CUMEDIAE was honored to attend the seminar on EU-China Cultural Diplomacy and Cultural Trade, held on December 7, 2016 at the College of Europe in Bruges (Belgium). In their speeches, representatives from China and the European Union pointed out the key role played by digital modern technologies in deepening cultural relations between the Old Continent and the Asian country, as well as the increasing number of co-productions and joint cultural projects carried out by both actors.
On this occasion, CUMEDIAE was well represented by its Chairman and CEO, Ignasi Guardans, who shared his ideas on the future of cultural relations between the EU and China, two actors that are currently “intertwined and connected by thousands of bridges at many levels”. Under the title ‘Peacocks, Dragons, Watercolors and Beyond: Cultural Trade and Exchanges EU-China’, Guardans highlighted, among other things, the importance of copyright when dealing with cultural exchanges and the need to protect and empower cultural heritage at all costs. “Our societies are heavily influenced by hundreds of cultures, and this is one of the reasons why our DNA is also a mixture of tons of cultures”, Guardans stated.
In order to give the maximum visibility to the seminar, CUMEDIAE used social media tools to synthesize and publish the speakers’ speeches and interventions, highlighting the importance of collaborations between the European Union and China in terms of cultural exchange and diplomacy.

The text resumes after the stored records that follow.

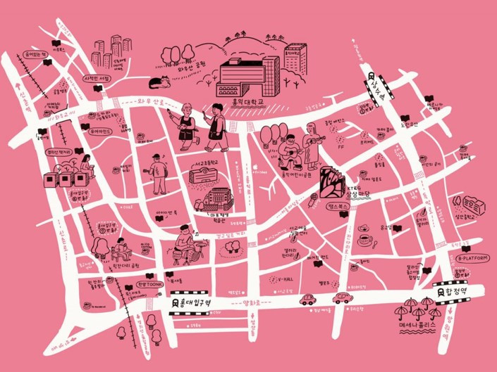 많은 것이 그렇듯 독립서점도 홍대가 전국으로 수출한 도시문화 상품입니다. 독립서점 중심지답게 많은 독립서점이 홍대 지역에 밀집돼 있습니다. 지도만 봐도 그 자원이 풍부합니다. 하루 종일 다녀도 다 보지 못할 것 같습니다.
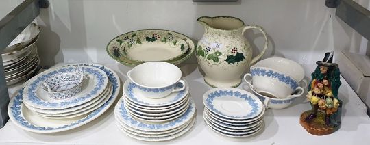 doulton figure, loss to pipe. dinnerware, crazing, some cracks, one plate reglued, some chips. General wear and tear all items.
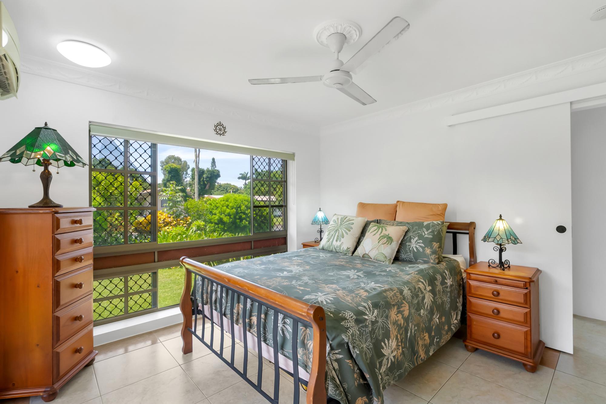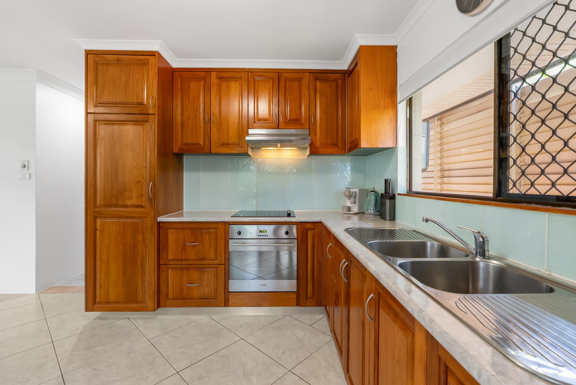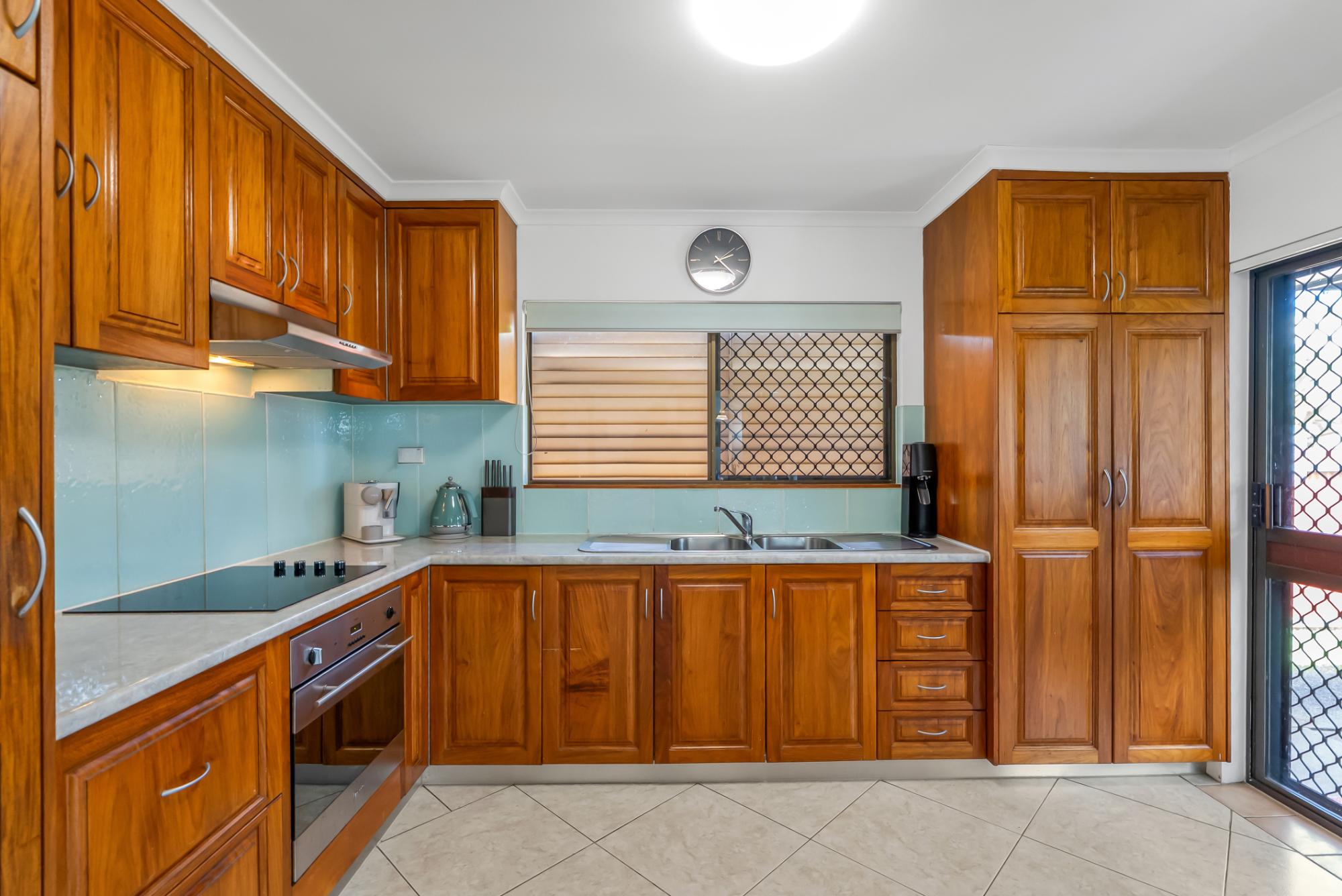 Inside, you’ll find fully tiled living areas, beautiful, exposed beam cathedral ceilings in the main living space, and stunning New Guinea rosewood cabinetry in the kitchen.
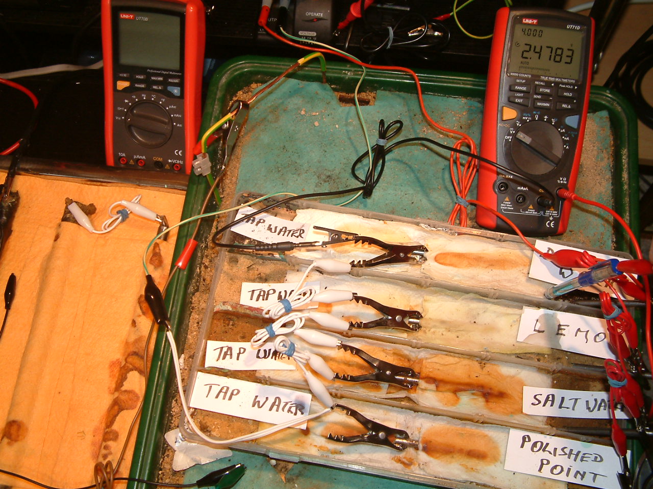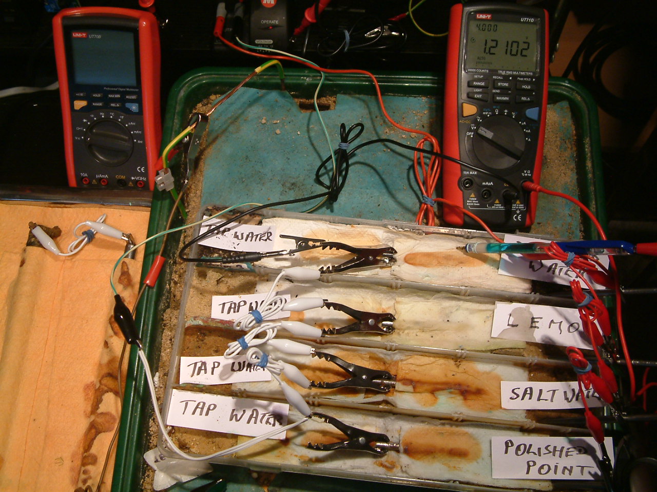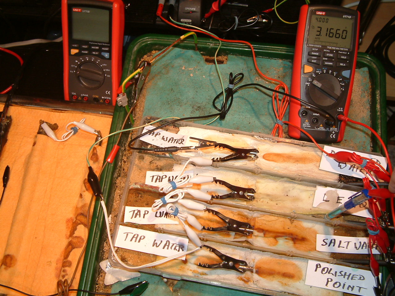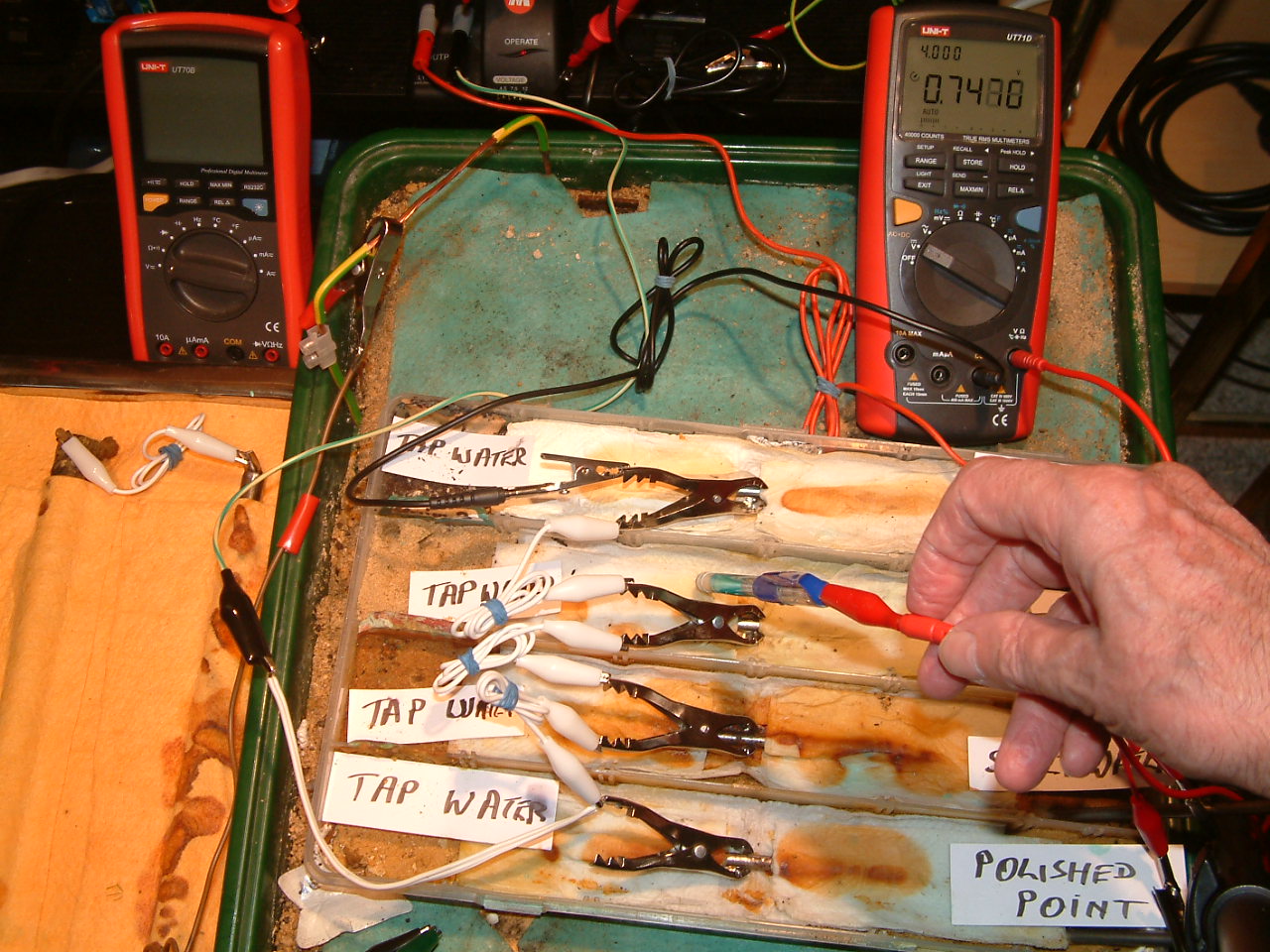 The power supply is energised and the potential difference between the copper/copper-sulphate electrode in partition one and the subject nails is now 2.0630v.

Twitter continues to be CUMEDIAE’S most successful and effective tool to engage with its audience thanks to its interactive, global nature and its capacity to bring together an unlimited number of organizations and individuals interested in the arts and culture.
Defining cultural trade in a globalized world
“Our experience has shown us that cultural products trade promotes cultural diplomacy in many different ways”, General Director of Shanghai Tengyuan Import&Export Company Han Huifang stated at the seminar, using her own company as an example of how globalization in cultural economy is making economic interests, cultural interests and diplomacy interests more closely. But what does cultural trade really mean? How do artistic exchanges work today?
As some of the speakers suggested, cultural trade, as a form of trade in an open market economy, transforms its spiritual interests into material benefits so that cultural transmission and consumption can be guided by fair market transactions, minimizing unnecessary cultural anxiety and resistance, and being more efficient to achieve the relevant interest targets. In this line, the benefits promoted by the cultural trade are a kind of multi-benefit synthesis, which is open outside and introverted inside. It focuses not only on the short-term interest, which can get effect instantly, but more concerns about the long-term interest, which runs more silently.